══ INPUT MATERIAL

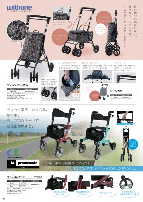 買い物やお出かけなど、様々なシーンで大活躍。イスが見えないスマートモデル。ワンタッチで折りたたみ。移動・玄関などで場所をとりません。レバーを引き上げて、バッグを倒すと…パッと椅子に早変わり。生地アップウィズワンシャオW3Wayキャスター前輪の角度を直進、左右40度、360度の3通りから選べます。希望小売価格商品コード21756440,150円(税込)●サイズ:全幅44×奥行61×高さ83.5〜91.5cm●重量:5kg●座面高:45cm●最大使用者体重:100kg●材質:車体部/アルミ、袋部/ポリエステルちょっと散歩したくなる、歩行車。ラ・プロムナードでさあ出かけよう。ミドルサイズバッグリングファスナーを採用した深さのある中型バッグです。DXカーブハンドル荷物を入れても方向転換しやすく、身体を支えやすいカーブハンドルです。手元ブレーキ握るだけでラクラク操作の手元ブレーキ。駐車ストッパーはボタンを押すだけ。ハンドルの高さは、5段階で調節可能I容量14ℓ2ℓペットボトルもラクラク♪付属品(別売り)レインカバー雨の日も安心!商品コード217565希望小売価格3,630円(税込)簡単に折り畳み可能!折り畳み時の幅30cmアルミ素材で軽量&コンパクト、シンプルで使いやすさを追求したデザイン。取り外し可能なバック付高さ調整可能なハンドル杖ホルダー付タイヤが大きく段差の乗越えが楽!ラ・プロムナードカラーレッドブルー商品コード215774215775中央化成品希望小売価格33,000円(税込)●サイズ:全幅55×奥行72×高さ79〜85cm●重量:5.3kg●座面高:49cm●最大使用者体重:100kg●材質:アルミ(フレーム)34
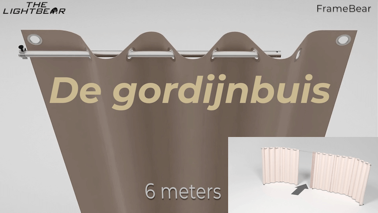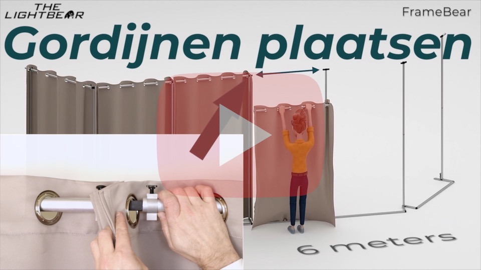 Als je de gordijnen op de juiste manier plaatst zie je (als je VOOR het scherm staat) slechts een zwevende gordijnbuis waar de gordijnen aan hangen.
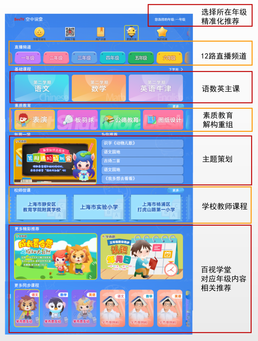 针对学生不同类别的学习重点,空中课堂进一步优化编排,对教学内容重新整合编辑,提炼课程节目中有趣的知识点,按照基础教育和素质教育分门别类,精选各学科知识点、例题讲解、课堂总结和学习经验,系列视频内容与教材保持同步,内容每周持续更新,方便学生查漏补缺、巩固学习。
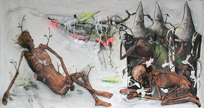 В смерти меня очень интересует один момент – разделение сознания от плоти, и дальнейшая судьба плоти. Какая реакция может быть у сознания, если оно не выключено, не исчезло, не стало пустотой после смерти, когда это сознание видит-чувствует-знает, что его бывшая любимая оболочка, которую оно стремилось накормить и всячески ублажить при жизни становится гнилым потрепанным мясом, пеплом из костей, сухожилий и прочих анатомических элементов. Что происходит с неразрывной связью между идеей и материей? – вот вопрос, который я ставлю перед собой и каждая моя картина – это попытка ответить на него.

════
══ INPUT MATERIAL

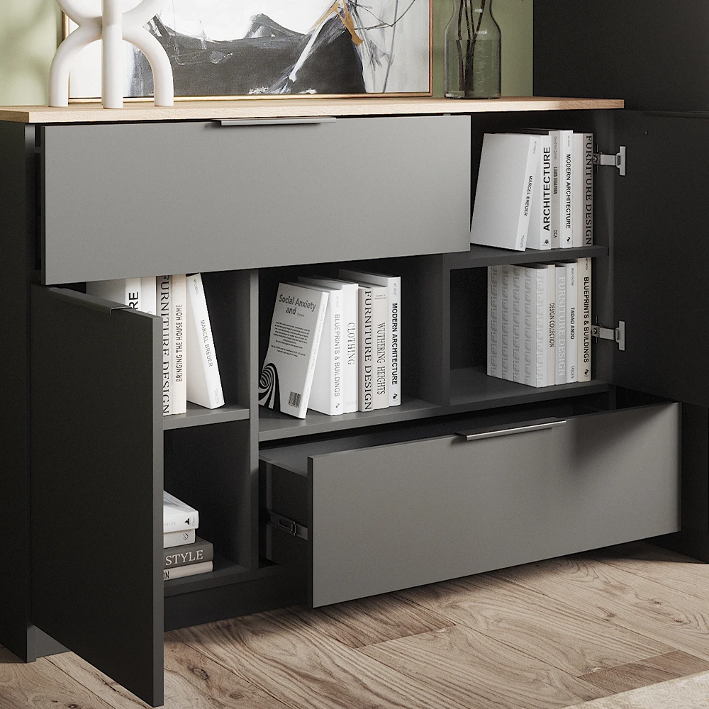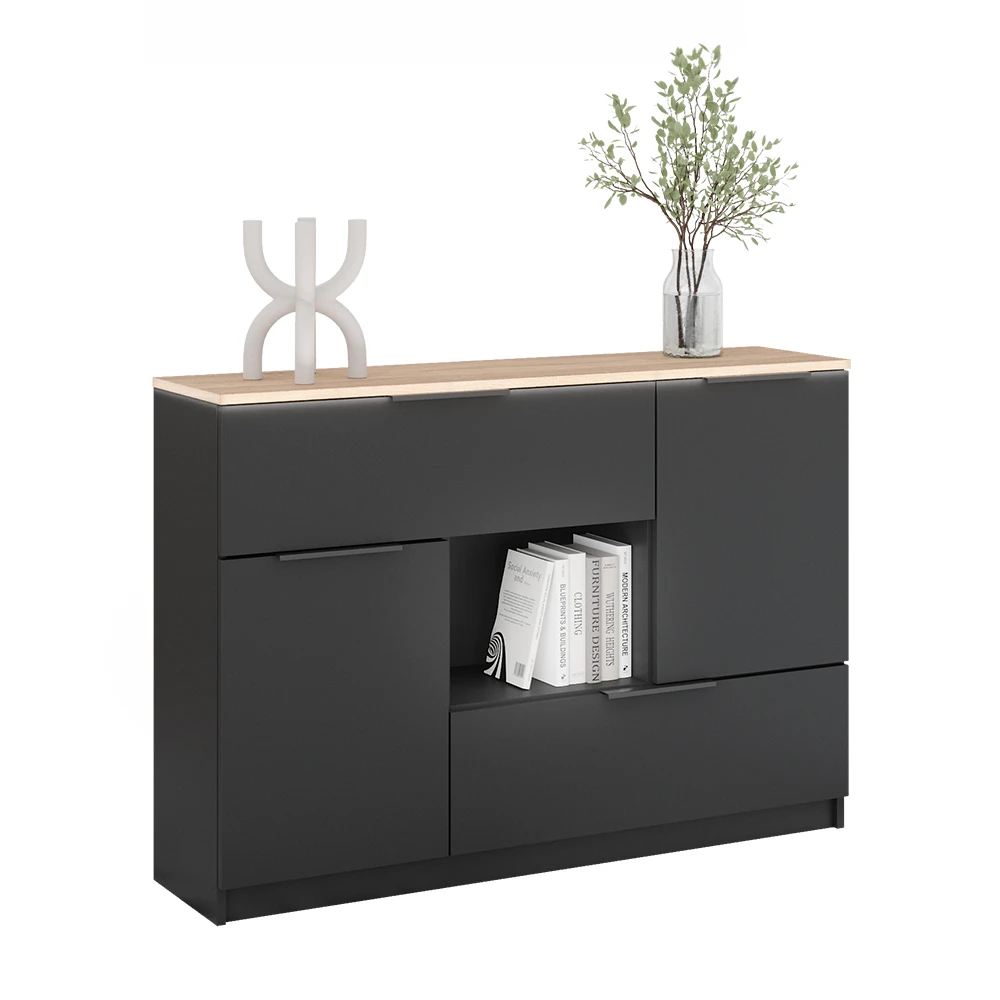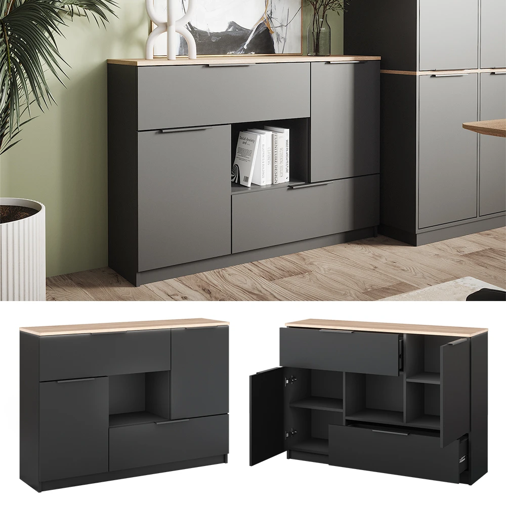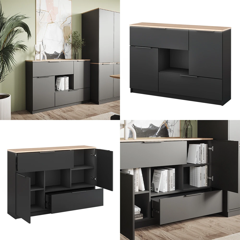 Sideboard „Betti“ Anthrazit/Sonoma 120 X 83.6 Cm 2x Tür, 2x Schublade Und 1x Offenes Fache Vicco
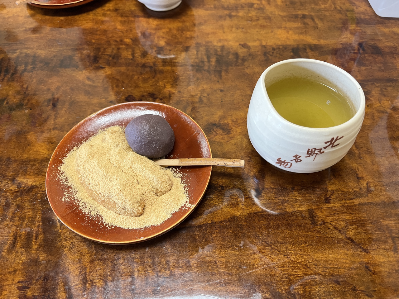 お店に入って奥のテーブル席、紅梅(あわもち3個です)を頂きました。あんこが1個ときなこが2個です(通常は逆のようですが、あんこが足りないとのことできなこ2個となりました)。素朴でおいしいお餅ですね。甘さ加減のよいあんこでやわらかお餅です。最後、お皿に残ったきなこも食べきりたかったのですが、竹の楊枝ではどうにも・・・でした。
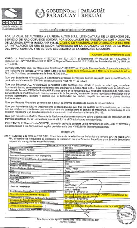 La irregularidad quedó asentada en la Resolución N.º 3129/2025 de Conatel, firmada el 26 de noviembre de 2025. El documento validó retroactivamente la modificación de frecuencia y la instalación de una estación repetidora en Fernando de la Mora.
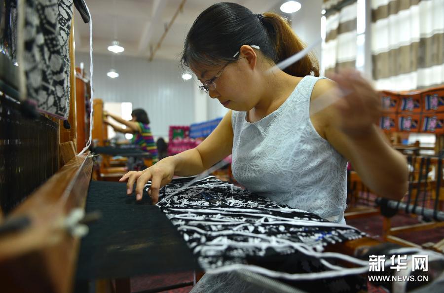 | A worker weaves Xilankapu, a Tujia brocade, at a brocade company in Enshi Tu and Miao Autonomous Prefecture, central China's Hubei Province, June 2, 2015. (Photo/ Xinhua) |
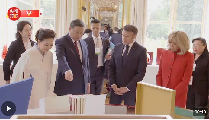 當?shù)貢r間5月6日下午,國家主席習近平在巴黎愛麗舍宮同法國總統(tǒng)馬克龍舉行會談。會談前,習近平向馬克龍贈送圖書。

════

→ **PROBLEM DETAILS**: Copy exactly, without pictures, the lines above from the one with "買い物やお出かけなど、様々な" down to the one with "В смерти меня", inclusive.

→ **WRITTEN SOLUTION**:
 買い物やお出かけなど、様々なシーンで大活躍。イスが見えないスマートモデル。ワンタッチで折りたたみ。移動・玄関などで場所をとりません。レバーを引き上げて、バッグを倒すと…パッと椅子に早変わり。生地アップウィズワンシャオW3Wayキャスター前輪の角度を直進、左右40度、360度の3通りから選べます。希望小売価格商品コード21756440,150円(税込)●サイズ:全幅44×奥行61×高さ83.5〜91.5cm●重量:5kg●座面高:45cm●最大使用者体重:100kg●材質:車体部/アルミ、袋部/ポリエステルちょっと散歩したくなる、歩行車。ラ・プロムナードでさあ出かけよう。ミドルサイズバッグリングファスナーを採用した深さのある中型バッグです。DXカーブハンドル荷物を入れても方向転換しやすく、身体を支えやすいカーブハンドルです。手元ブレーキ握るだけでラクラク操作の手元ブレーキ。駐車ストッパーはボタンを押すだけ。ハンドルの高さは、5段階で調節可能I容量14ℓ2ℓペットボトルもラクラク♪付属品(別売り)レインカバー雨の日も安心!商品コード217565希望小売価格3,630円(税込)簡単に折り畳み可能!折り畳み時の幅30cmアルミ素材で軽量&コンパクト、シンプルで使いやすさを追求したデザイン。取り外し可能なバック付高さ調整可能なハンドル杖ホルダー付タイヤが大きく段差の乗越えが楽!ラ・プロムナードカラーレッドブルー商品コード215774215775中央化成品希望小売価格33,000円(税込)●サイズ:全幅55×奥行72×高さ79〜85cm●重量:5.3kg●座面高:49cm●最大使用者体重:100kg●材質:アルミ(フレーム)34
 Als je de gordijnen op de juiste manier plaatst zie je (als je VOOR het scherm staat) slechts een zwevende gordijnbuis waar de gordijnen aan hangen.
 针对学生不同类别的学习重点,空中课堂进一步优化编排,对教学内容重新整合编辑,提炼课程节目中有趣的知识点,按照基础教育和素质教育分门别类,精选各学科知识点、例题讲解、课堂总结和学习经验,系列视频内容与教材保持同步,内容每周持续更新,方便学生查漏补缺、巩固学习。
 В смерти меня очень интересует один момент – разделение сознания от плоти, и дальнейшая судьба плоти. Какая реакция может быть у сознания, если оно не выключено, не исчезло, не стало пустотой после смерти, когда это сознание видит-чувствует-знает, что его бывшая любимая оболочка, которую оно стремилось накормить и всячески ублажить при жизни становится гнилым потрепанным мясом, пеплом из костей, сухожилий и прочих анатомических элементов. Что происходит с неразрывной связью между идеей и материей? – вот вопрос, который я ставлю перед собой и каждая моя картина – это попытка ответить на него.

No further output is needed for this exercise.